If the Labour leadership had any sense they would take that as a very significant signal and, instead of banging on about the demerits of the SNP, begin to seriously ask themselves why they have been replaced in the affections of the Scottish electorate. Ed Miliband would do well to remember the injunction of his admirable father Ralph in his masterpiece volume Parliamentary Socialism, that serious politics is not polite conversations between gentlepersons but civil war by other means. Miliband senior demonstrated irrefutably with chapter and verse the truth of the statement by the Tory leader Balfour after his overwhelming electoral defeat in 1906, that whichever party was in office the Tories would continue to rule the country, and that in the words of the Red Flag anthem,  ‘to cringe beneath the rich man’s frown’ has been indeed the default posture of the Labour Party throughout the century-plus of  its existence.

In present circumstances it’s not as though an imagined Labour government with, at best, a very narrow majority or in informal collaboration with the progressive nationalist parties and Greens could immediately set about implementing a Bennite agenda. As things stand, the socially conservative English culture would not accept it and the US would never tolerate it.

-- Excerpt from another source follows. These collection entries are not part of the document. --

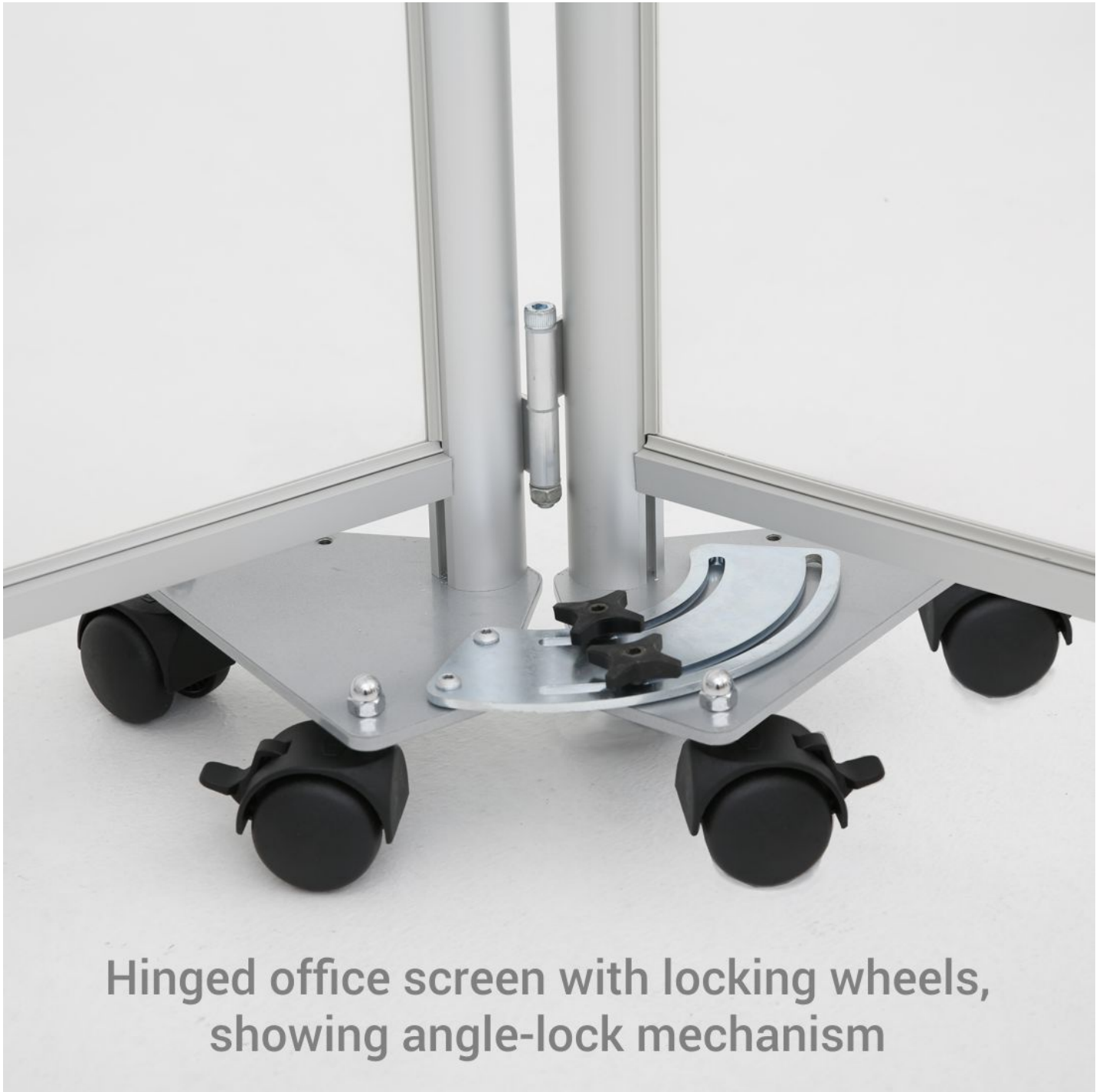
Hinged office screen with locking wheels, showing angle-lock mechanism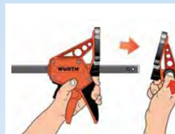
Conversion to spreading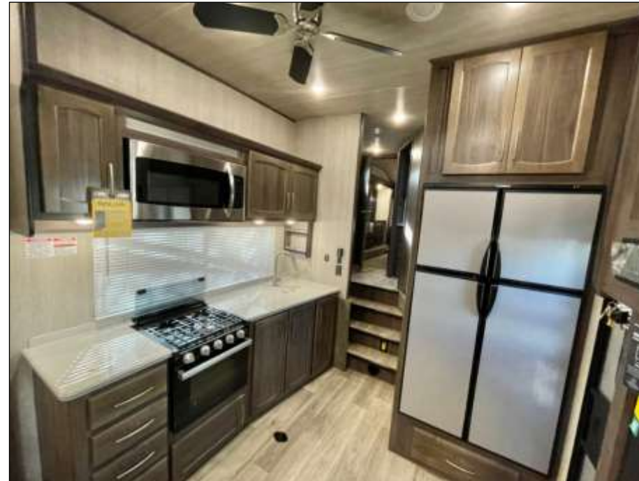
Efficient Meal Prep w/Generous Galley Storage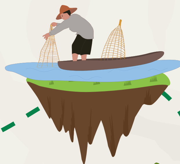
TONLE SAP LAKE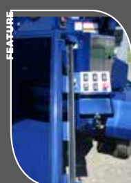
Two Control Panels with Emergency Stop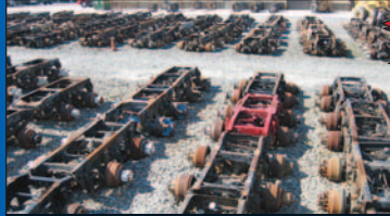
Large Assortment of Heavy Tandem Cutoffs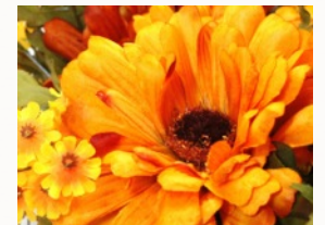
Sensitively held funerals, inspired by love.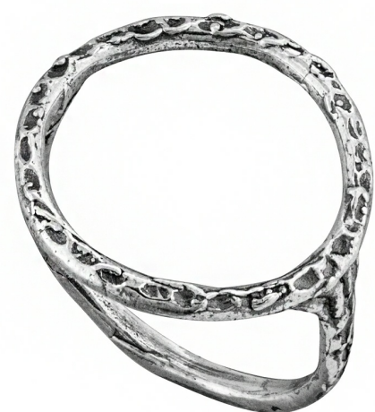
Silver Ring $ 10.00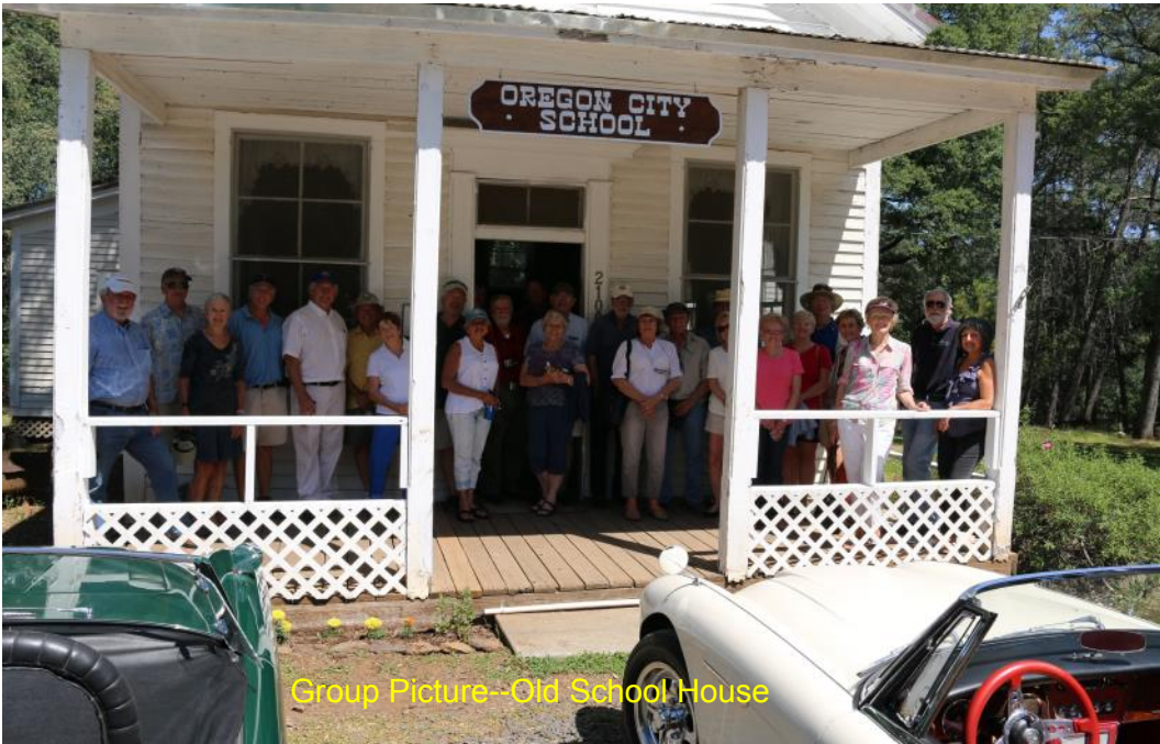
Group Picture--Old School House

Nevertheless, Miliband and his cabinet could consider the Scottish experience. In 1955 the Tories won an absolute majority of votes in Scotland. Look at them now: popular outlooks can be changed, for all the toxic tabloids can do. The Labour leaders could then work to reinvigorate their party on the ground as a campaigning organisation, take lessons from the SNP administration in Scotland and begin trying to copy it. Electorates seeing an honest and socially progressive government committed to the common good, can be persuaded to line up behind it.


Is there any possibility that this could happen? About as likely as Sunderland, where I live, winning the English Premiership in the next football season. The most probable outcome is that Labour will have to be replaced, most likely by the Green Party, though evidently that will be a very challenging undertaking.